Copernicus; land use/cover classification; cover fractions; remote sensing; global land cover mapping; random forest; time series analysis

Graphical Abstract

1. Introduction

Land is an important asset for human beings. The globalization of the world’s economy and the increase of its population, however, have large environmental consequences and put unprecedented pressure on land management [1,2,3]. To understand these consequences and to act upon them, accurate characterization of land cover and land-use change is essential. This also means records of vegetation characteristics and land cover (LC) need to be available. While long-term consistent in situ observations for large areas remain scarce, satellite remote sensing has become a major source of information for the monitoring of vegetation dynamics since the 70s [4]. Satellite systems like Landsat, National Oceanic and Atmospheric Administration’s (NOAA) AVHRR, and MODIS, among others, provide long-term records of reflectance data on a global scale [5,6,7]. These datasets have been used to generate state-of-the-art global discrete LC maps at low to medium resolution [8,9] like the GlobCover [10], LC-CCI [11], and MODIS [12] products. Gong et al. [13] produced the first global high-resolution LC map at 30 m resolution, attaining an overall classification accuracy of 65%. Nevertheless, all these LC maps have a major drawback—they have fixed legends and therefore rigid characterization of LC types. Land cover maps are used by various user groups to better understand the current landscapes and the impact we have as global citizens. But at the same time, these LC maps are often hard to use in applications that require up-to-date information, such as forest monitoring, sustainable development goals monitoring, and biodiversity monitoring. The variety in the needs between all these different users makes it hard to create a one-size-fits-all LC map. More elastic LC mapping approaches are thus needed to guarantee high-quality products for these users [14].
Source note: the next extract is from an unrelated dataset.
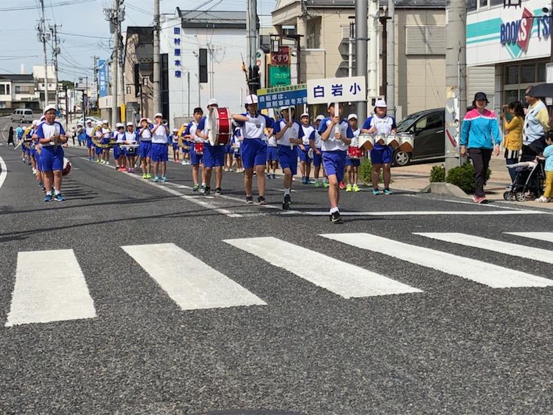 白岩小学校は、本宮市内の小学校7校の中で、最初の演奏でした。代表児童2名が、市長さん、警察署長さん、教育長さんといっしょに行進するなど、令和元年として、思い出に残る鼓笛パレードとなりました。

As part of the European Copernicus service which aims to provide systematic global monitoring of the Earth’s land surface, the Copernicus Global Land Service has recently released yearly global LC maps at 100 m resolution from 2015 onwards [15]. Copernicus’ Global Land Cover product aims to provide dynamic LC layers that allow creating custom LC maps that fit the needs of different map users. Therefore, next to a discrete LC map, a set of cover fraction layers is delivered, depicting the percentual cover of main LC types in a pixel. This allows the user to tailor the LC product to his application and needs, and to harmonize it to other available LC maps.

The first Copernicus Global Land Service Land Cover Map at 100 m (CGLS-LC100)—Collection 1—was provided for the 2015 reference year over the African continent in July 2017. It was derived from 100 m time-series of the vegetation instrument on board of the PROBA satellite (PROBA-V) [16,17], a database of high-quality LC reference sites and several ancillary datasets. We integrated spectral, temporal and spatial features derived from the PROBA-V time series to improve classification accuracy as recommended by Zhai et al. [18] and Eberenz et al. [19]. Based on the success of this demonstration product for Africa, showing high quality with an overall accuracy of 74.3% and alignment to other continental LC maps [20,21,22,23], Collection 2 of the CGLS-LC100 product was released in May 2019, extending the map to a global coverage for the reference year 2015 [15]. However, Collection 2 was not just a global up-scaling, but also includes major improvements in the map quality, reaching now around 80% or more of overall accuracy for each continent. Further improvements include the switch from the system World Geodetic System 1984 (WGS84) to the Universal Transverse Mercator (UTM) coordinate system and the alignment to the Sentinel-2 tiling grid in order to improve mapping quality in the high latitudes [24]. Moreover, this gridding system facilitates the continuation of the yearly CGLS-LC100 product when switching from PROBA-V to Sentinel-2 as an input data source.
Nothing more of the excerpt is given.